LM-12The lightning mast is mentioned in a KSC news release dated March 2, 1975:
The new look will first be apparent shortly after the transporter moves the mobile launcher with the 224-foot-tall space vehicle just outside the floodlighted eastern face of the Vehicle Assembly Building at 2:00 a.m. on the morning of March 24.

There will be a five-hour pause at this point as KSC workmen lower and secure an 80-foot-tall fiberglass lightning mast into a circular slot on a platform above the hammerhead crane at the top of the launcher.

The mast will be lowered from a steel framework structure (dubbed variously "the laundry chute" and "bird cage") overhanging the top of the 456-foot-high door leading to the outside from High Bay 1.

At 7:00 a.m. — mast firmly in place — the transporter will begin the move to Pad B, on the rim of the Atlantic Ocean five miles to the northeast.

LM-12After the ASTP launch, the lightning mast had to be removed from ML-1 before the Mobile Launcher could enter the VAB.

Photo KSC-76PC-0351 was taken during the Bicentennial Exposition event at the VAB in 1976. ML-2 is parked outside the VAB. ML-1 is behind the VAB doors in High Bay 1. The lightning mast can be seen outside the VAB in the steel framework structure above the High Bay 1 doors.

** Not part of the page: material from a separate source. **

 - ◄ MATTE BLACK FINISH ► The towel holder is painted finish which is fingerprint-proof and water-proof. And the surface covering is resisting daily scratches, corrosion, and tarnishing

The lightning mast affixed to the VAB can also be seen in photo KSC-76P-0124.

LM-12The lightning mast can be seen above the HB-1 doors in this 1976 aerial photo of the VAB. ML-3 (on right) is being dismantled. S-IC stage at bottom center.

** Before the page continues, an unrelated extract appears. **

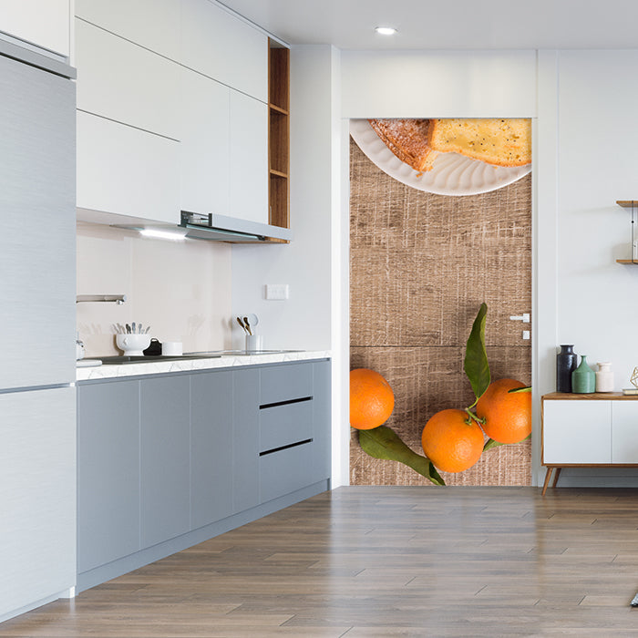 Entdecke die Türtapete Frische Clementinen und Kuchen

The black arrow is pointing to the VAB itself.

Ken HavekotteJust came across this topic again, and behold, I finally did locate a NASA photo (#108-KSC-75PC-145) depicting the final step of the lightning mast insertion into its support structure atop MLP-1 on March 23, 1975.
RohanCorrect me if I'm wrong, but the lightning mast placed atop the LUT on ML-1 for the ASTP mission is different from the lightning masts on all the other missions. Why did NASA decide to change the lightning mast for this mission, at the very end of the LUT's use?
Robert PearlmanNASA SP-4209, "The Partnership: A History of the Apollo-Soyuz Test Project" describes the then-new lightning mast installed atop the LUT:
One of their major concerns was the possibility of thunderstorms and lightning strikes before and at the time of the launch. July was the worst time of the year for both at Cape Canaveral.

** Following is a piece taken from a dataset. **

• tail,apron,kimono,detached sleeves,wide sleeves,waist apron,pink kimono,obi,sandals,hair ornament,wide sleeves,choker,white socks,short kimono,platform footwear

...a lightning strike had long been a worry, one that had been reinforced by the twin bolts that had struck Apollo 12. To combat the effects of such a strike, the KSC team had installed a larger lightning rod atop the launch tower. This 25.6-meter fiberglass mast was designed so that the ground wires would not come any closer than 15 meters to the mobile launcher structure, thus eliminating the arcing of electrical current from the wires to the structure of the spacecraft.

The lightning mast used atop the LUT for ASTP later was installed atop Pad 39B for the space shuttle program.
LM-12
quote:
Originally posted by LM-12:
The lightning mast affixed to the VAB can also be seen in photo KSC-76P-0124.
Other VAB photos indicate that the lightning mast was removed from that location (above the HB-1 doors) sometime between July 1976 and April 1977.
LM-12Prior to the ASTP rollout, there was a lightning mast test with the boilerplate spacecraft. The launch operations processing schedule included these steps:
  • SV ML PREPS FOR LIGHTNING MAST FIT CHECK
  • POS CT & ML MOVE PREPS
  • MOVE ML TO INSTALLATION POS
  • ML LIGHTNING MAST FIT CHECK
  • RETURN ML TO HB-1
  • BP-30 DESTACK
  • S/C ERECT
The spacecraft was stacked on March 19, 1975. Rollout was on March 24.
LM-12
quote:
Originally posted by heng44:
...so it now seems pretty certain that the Saturn was rolled out a day early to install and test the mast.
This ASTP photo seems to show that earlier rollout, based on the lighting. The building seen is the Launch Control Center.